I mentioned earlier that my career was in tatters. The only good thing that came from this awful experience—that still impacts me daily—was a second chance. I was in total despair one day, and reached out to a friend who asked me if there was anything I wanted to do in journalism that I hadn’t achieved, or that involved writing for magazines or newspapers. I told her that I really wanted to be a film critic. We ended up finding a lead and a site that has published my interviews, features, and reviews for over 17 years now.

This work has led to guest appearances speaking about the Academy Awards and other film-related topics for U.S. and Canadian radio and television. I would have never had this opportunity without being diagnosed as bipolar, eventually following medical treatment to the letter, and ditching Christian Science completely; and having constant care under watchful eye of a psychiatrist for over two decades now.
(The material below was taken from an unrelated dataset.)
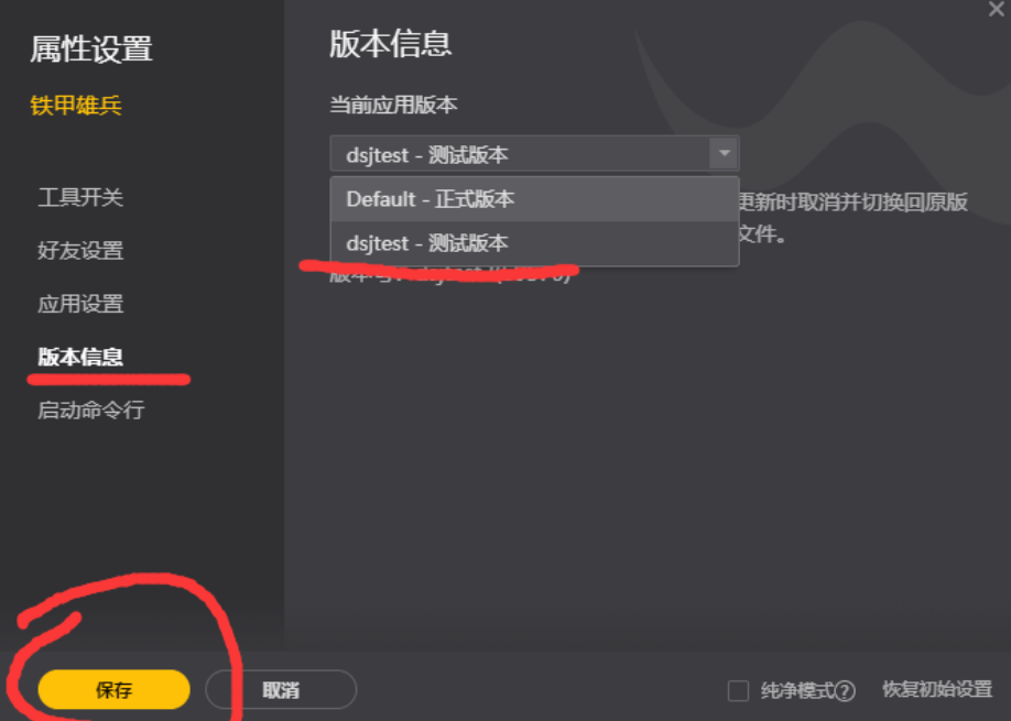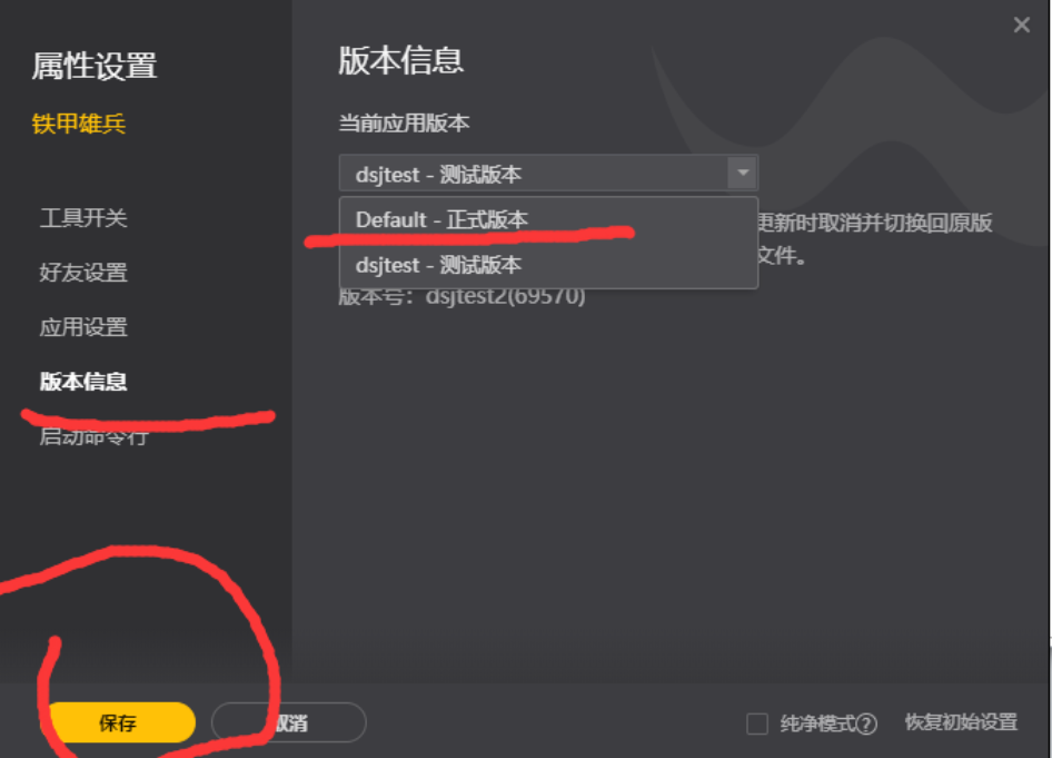 (如果需要进入铁甲雄兵和兵临城下服务器,按照以上操作将版本切换成Default—正式版本,点击保存后更新即可)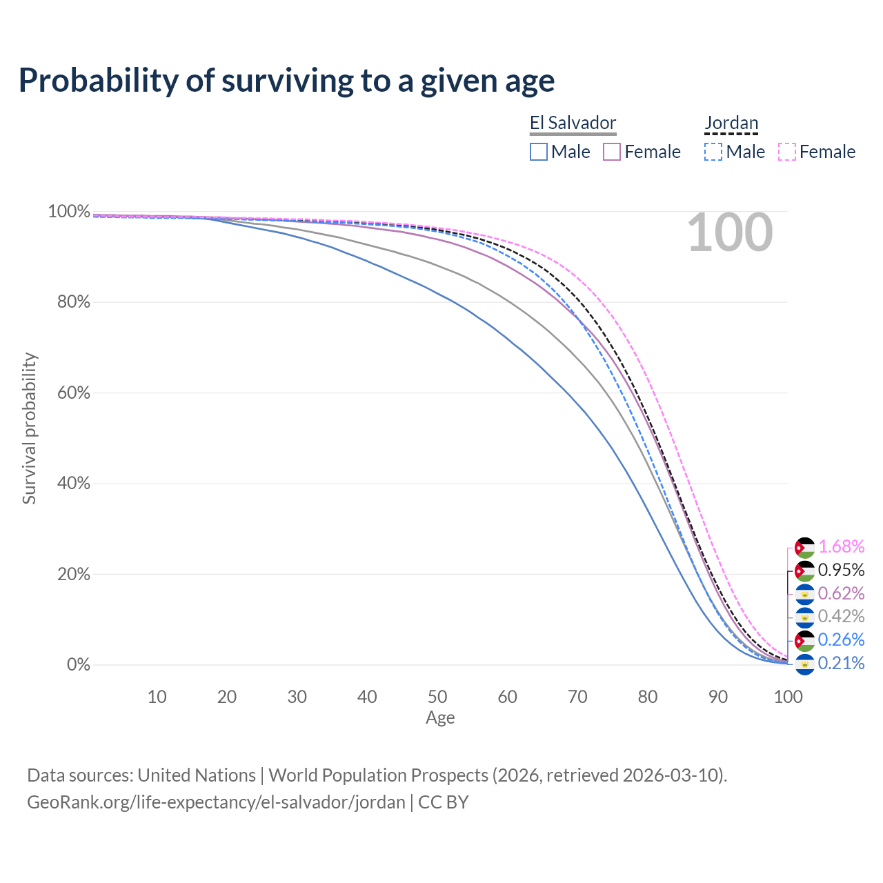 This life expectancy calculator shows the odds of living to 100, 95, 90, and below based on current age for both males and females in El Salvador and Jordan, along with mean and median age of death. The calculations are based on the 2026 life tables (actuarial tables) from the UN World Population Prospects.

While there were numerous missed opportunities over the course of 10 years prior to experiencing my full blown psychiatric crisis, I do not blame my father or mother for anything that I experienced. My father didn’t know any better, and he followed Mary Baker Eddy’s teachings for 60 years until his passing from terminal cancer in 2021. He believed, as I did until my crisis, that the TRUTH contained in her writings and teachings could heal any disease—including mine. When it couldn’t it devastated him.

My father was never the same afterwards, and blamed his genetics for everything I experienced with the disease. Our relationship became somewhat fractured, as he could see that the same traits within himself—with constant rapid cycles of depression, horrible temperament, and twisting of what others said. My psychiatrist believed strongly that he had an undiagnosed type of bipolar disorder, minus the delusions, for all of his adult life. While I got helped by modern medicine, he never took those steps for himself because of Christian Science. It is a fact I cannot change, and I continue to grapple with it every moment of every day.